Во время его не по-нордически страстных монологов (вот оно, влияние африканского неба!) я отчетливо видела, что Хенку что-то мешает... беспокоит, что ли... или раздражает... ну, словно бы гвоздь в ботинке или больной зуб... или зуд от тропических укусов, который, дабы не нарушать политеса, он не смеет утолить, даже и потихоньку...
Словом, я видела, что Хенк не в своей тарелке. И не потому, что взволнован встречей. Нет, не потому. Такие вещи я чувствую безошибочно. А присутствовало тут нечто третье, таинственное и непостижимое. По крайней мере, непостижимое для меня.
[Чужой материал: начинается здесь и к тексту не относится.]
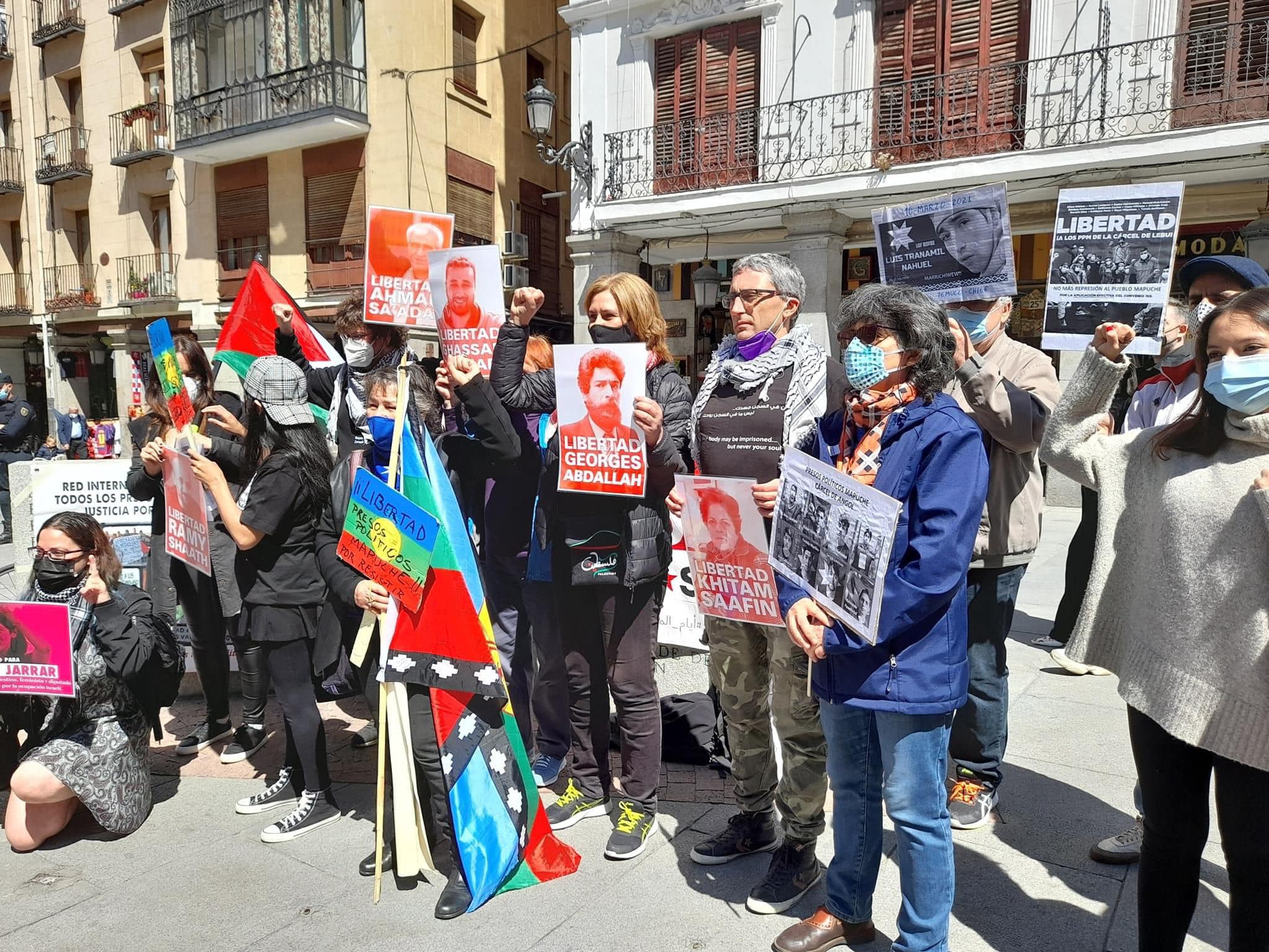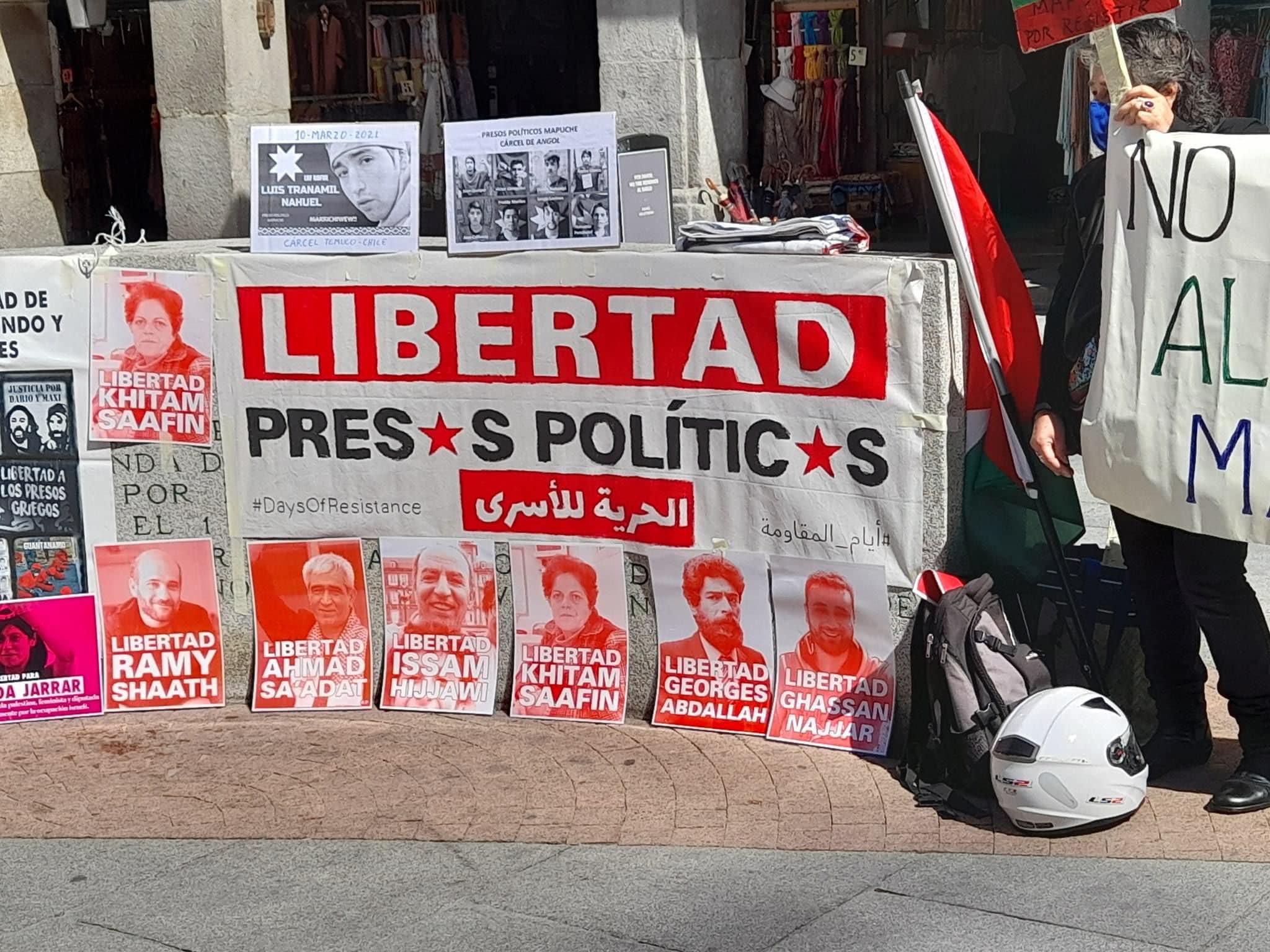 In Madrid, Spain, Samidoun España, Alkarama, and international associations for political prisoners gathered for a protest outside the Spanish Ministry of Foreign Relations on Saturday, 17 April to demand freedom for Palestinian political prisoners and international revolutionary prisoners.

Я было уже собралась назвать ему данные своего прибытия, и мы двинулись к выходу, поскольку Хенк сказал, что его записная книжка осталась в машине. А машину он арендовал на пару часов, и мог бы прокатить меня туда... сюда... потом вот еще куда... (назывались религиозные святыни самых разных конфессий). И вот, проходя уже возле стойки бара, то есть у самого выхода, Хенк вдруг резко повернулся к бармену и – словно даже не ртом, а всем своим чревом, то есть всем нутром, естеством своим – с облегчающей яростью выкрикнул:
– Подумать только: чашечка кофе – десять шекелей!!.
35
Но мне не хотелось бы заканчивать историю именно так. Это было бы как-то несправедливо по отношению к Хенку, с которым я знавала и лучшие минуты. Поэтому закончу на воспоминании, которое предшествовало моему отлету в Штаты.
Стоял конец октября, американский ангажемент еще не был подписан, и тут, в некий дурацкий вторник, когда небо, выворачиваясь наизнанку, без передышки блевало помойным дождем, я вспомнила, что у Хенка сегодня день рождения.
...В цветочной лавке я составила букет из высоких роз. Каждый стебель такой розы был мощно оснащен боевыми шипами, словно сказочное древко геральдического флага. Букет получился роскошным: розы были и жарко-пунцовые, и мохнато-персиковые, и шелковисто-алые, и брусничные (с плотными, словно головки змей, бутонами), и чайные, и свекольные; была там парочка роз лебединой белизны – вся эта очаровательно-свежая пестрота дышала райским эфиром и, шурша, слегка шевелилась... Затем, по дороге, я прихватила бутылку «Jenever»[9]. А в «Bijenkorf» купила итальянский галстук от «Moschino» – в цвет Хенковых глаз. Хотя представить Хенка в галстуке было, конечно, забавно...
В такси я забыла свой плащ. Произошло это до смешного просто: водитель, молодой араб, взялся молоть двусмысленную чепуху, на середине пути я велела остановить, выскочила под дождь...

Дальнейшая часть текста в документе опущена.